彼らに靴をつくってやりたくなったのです。あの頃でさえ、彼らも身なりをある程度はきちんとするような流れになっていましたが、靴に関しては、ぼろぼろの布切れのようなものでくるんでいれば上出来で、ほとんどのアンドロイドは裸足でした。

 なぜならば、アンドロイドはかなり人型が進んできたとは言え、当時の歩行能力については課題もあり、生身の人間のように、というわけにはいきませんでした。既存の靴では長期間耐えることができないのです。そして、何より、彼らの足はヒトの皮膚ではないのですから、そもそも靴を履く必要性がありませんでした。多くの会社が、アンドロイドの足をカラーリングで誤魔化していたのも、無理からぬことです。

 しかし、その裸足のアンドロイドを見た時に、やはり私の心は痛んだのです。それは、子供の頃に見た物乞いのようでした。実際に職をもたないアンドロイドは多数いて、うろうろと町を徘徊することもありましたが、もし彼らがまともな靴を履いていたならば、無遠慮な蔑みや嘲笑を受けることは、少しばかり減るのではないか、私はそんなことを考えたわけです。社会貢献や人権感覚というよりも、それは憐憫に似た感情でした。

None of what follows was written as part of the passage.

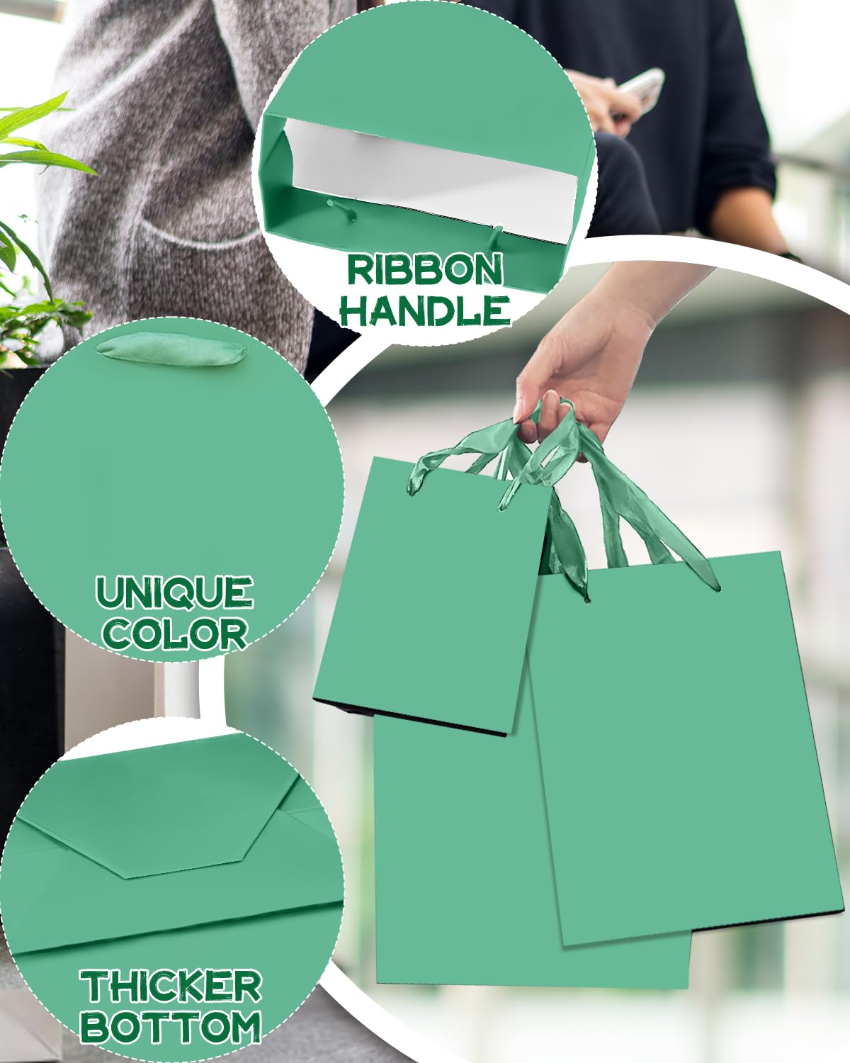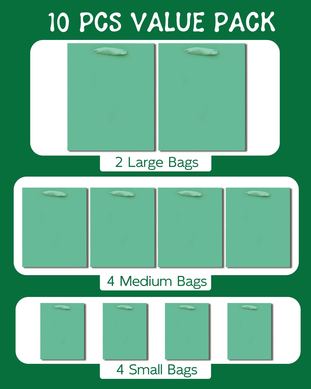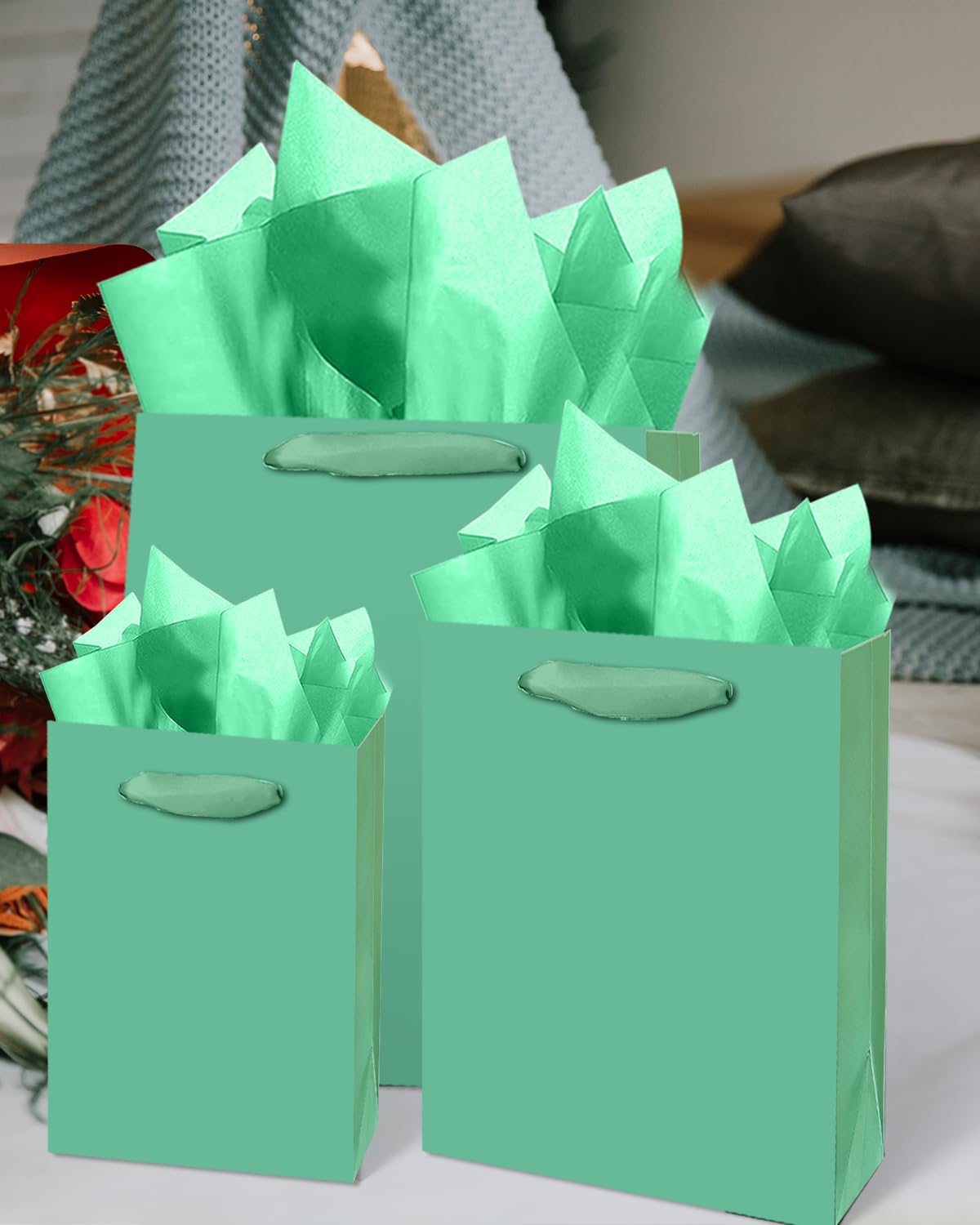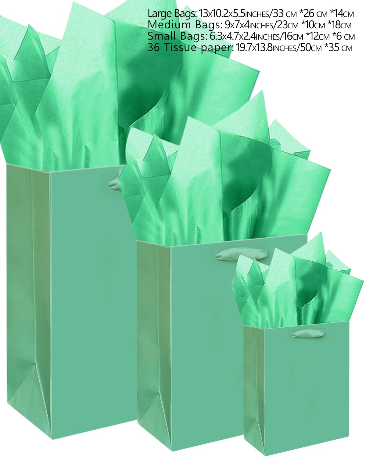 Size-Color: Lake Green / (2pcs Large 5.5x10.2x13 inch, 4pcs Medium 4x7x9inches, 4pcs Small 2.4x4.7x6.3inches ) / 6Pcs Tissue Paper-13.8"x19.7",16Pcs Tissue Paper-9.8"x13.8"
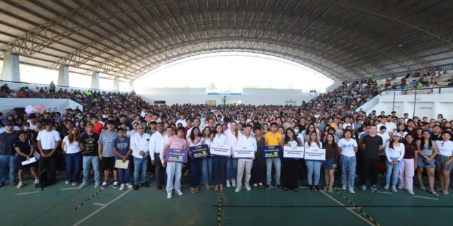 “En el Ayuntamiento trabajamos para que cumplan sus sueños, ofreciendo herramientas y programas que generen oportunidades de vida y crecimiento personal con justicia social, que les ayuden, orienten y acompañen para que puedan ejercer plenamente su derecho a la educación”, afirmó la alcaldesa desde la Unidad Deportiva de San José Tecoh.

 今からするお話は、私の仕事を手伝ってもらった一人のアンドロイドとの思い出です。彼もまたこの世界のどこかで今も生きているのでしょうから、彼の名誉のためにも、ここでは仮にコーリャと呼びます。彼の筐体は旧ロシア製でした。

 コーリャは私の仕事場の近くで、教会の掃除夫をしていました。掃除夫という職業も、有史以来なかなかなくならない仕事の一つです。私は教会の牧師と仲が良かったので、コーリャとも何度か顔を合わせることがありました。アンドロイドにしてはよく喋る方で、教会付という宿命か、聖書の言葉が優先的に発話されるような設定になっていました。頓珍漢で愛嬌があり、時々ネコやイヌに、天国の狭き門について語っていたりしました。

「旦那様、そりゃあええ考えですよ」

 私がアンドロイドの靴について牧師と相談していたとき、割り込んできたのがコーリャでした。コーリャは誰にでも「旦那様」「奥様」と呼ぶのが常でした。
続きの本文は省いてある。